* **Information**:
=== Section Start ===
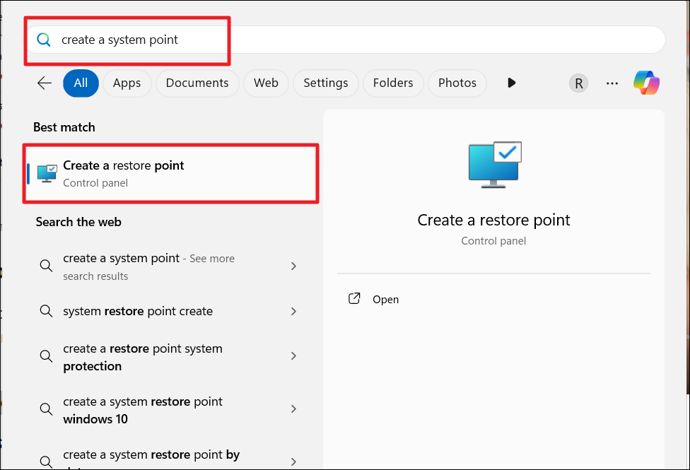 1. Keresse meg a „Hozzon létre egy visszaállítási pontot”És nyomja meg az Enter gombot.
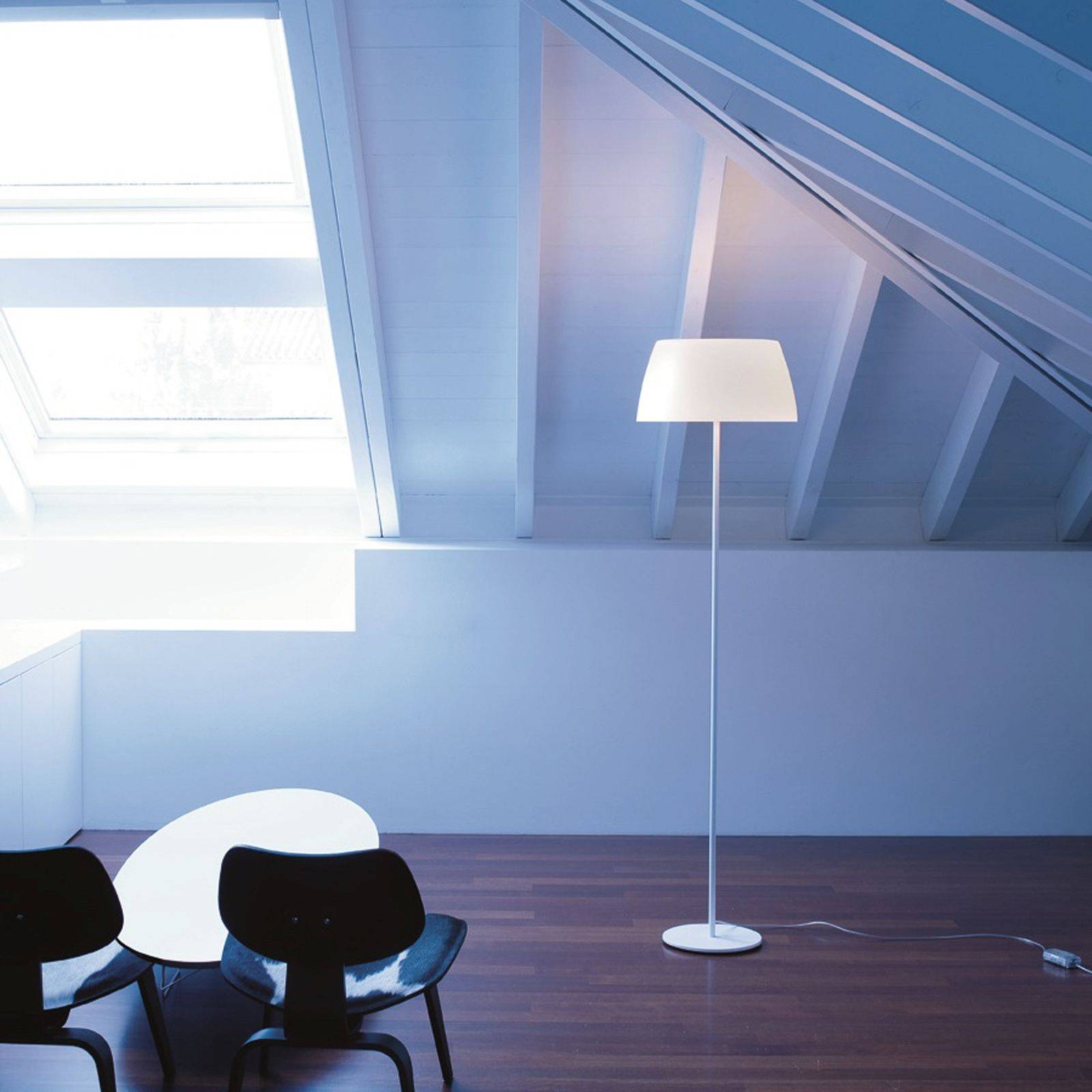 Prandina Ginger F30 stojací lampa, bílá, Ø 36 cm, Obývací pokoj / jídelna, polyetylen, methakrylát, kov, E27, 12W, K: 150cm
=== Section End ===
=== Section Start ===
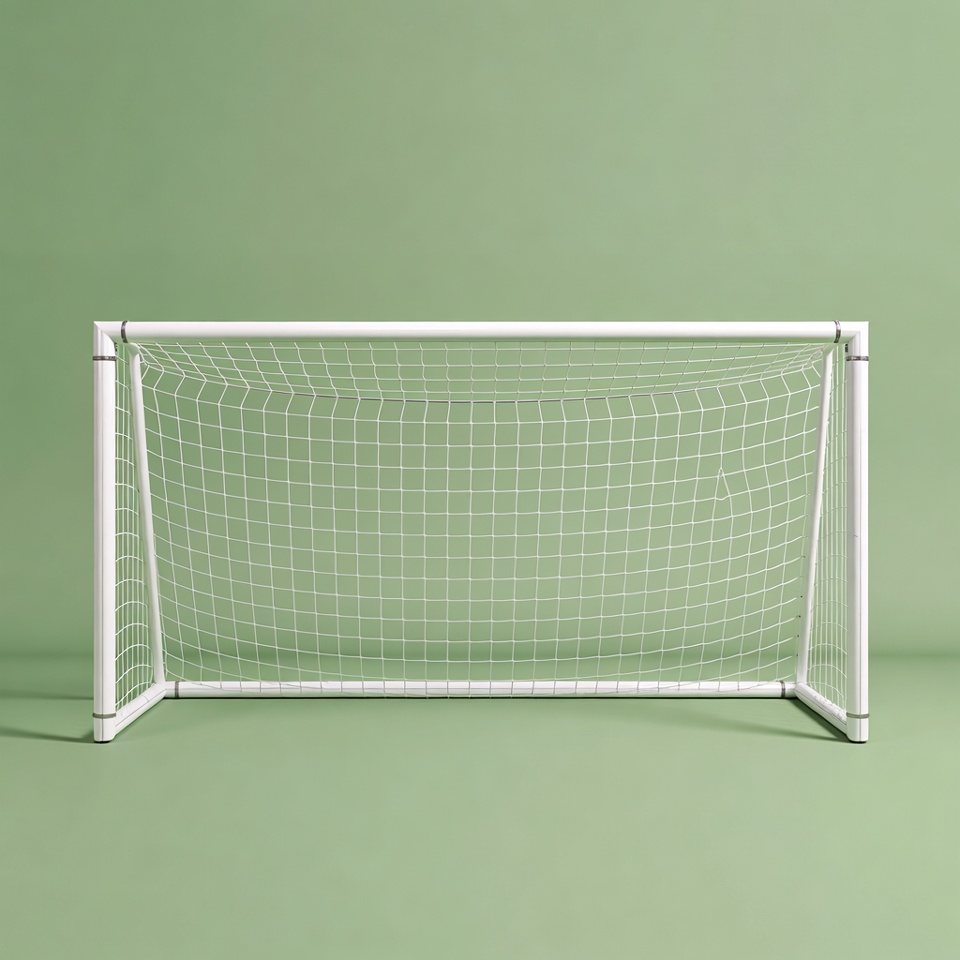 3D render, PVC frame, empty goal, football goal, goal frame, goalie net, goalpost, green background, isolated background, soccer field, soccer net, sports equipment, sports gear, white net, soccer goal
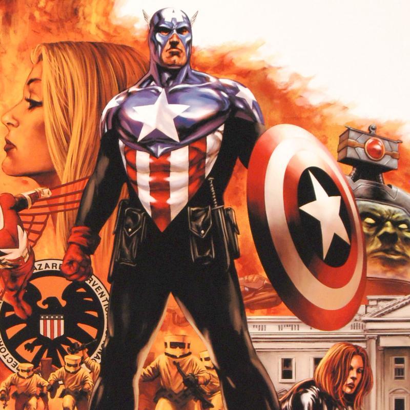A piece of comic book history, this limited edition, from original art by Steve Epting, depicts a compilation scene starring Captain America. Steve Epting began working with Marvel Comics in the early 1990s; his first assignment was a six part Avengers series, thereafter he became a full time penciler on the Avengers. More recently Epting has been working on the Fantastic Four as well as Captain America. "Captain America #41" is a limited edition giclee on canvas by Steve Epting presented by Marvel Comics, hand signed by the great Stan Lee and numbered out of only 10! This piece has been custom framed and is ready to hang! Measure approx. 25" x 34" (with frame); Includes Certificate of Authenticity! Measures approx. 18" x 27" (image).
=== Section End ===
* **Exercise objective**:
A verbatim reproduction is expected: starting at the line above that has "3D render, PVC", ending at the line that has "A piece of comic", both included, and with no pictures and no other lines.

* **Response to this exercise**:
 3D render, PVC frame, empty goal, football goal, goal frame, goalie net, goalpost, green background, isolated background, soccer field, soccer net, sports equipment, sports gear, white net, soccer goal
A piece of comic book history, this limited edition, from original art by Steve Epting, depicts a compilation scene starring Captain America. Steve Epting began working with Marvel Comics in the early 1990s; his first assignment was a six part Avengers series, thereafter he became a full time penciler on the Avengers. More recently Epting has been working on the Fantastic Four as well as Captain America. "Captain America #41" is a limited edition giclee on canvas by Steve Epting presented by Marvel Comics, hand signed by the great Stan Lee and numbered out of only 10! This piece has been custom framed and is ready to hang! Measure approx. 25" x 34" (with frame); Includes Certificate of Authenticity! Measures approx. 18" x 27" (image).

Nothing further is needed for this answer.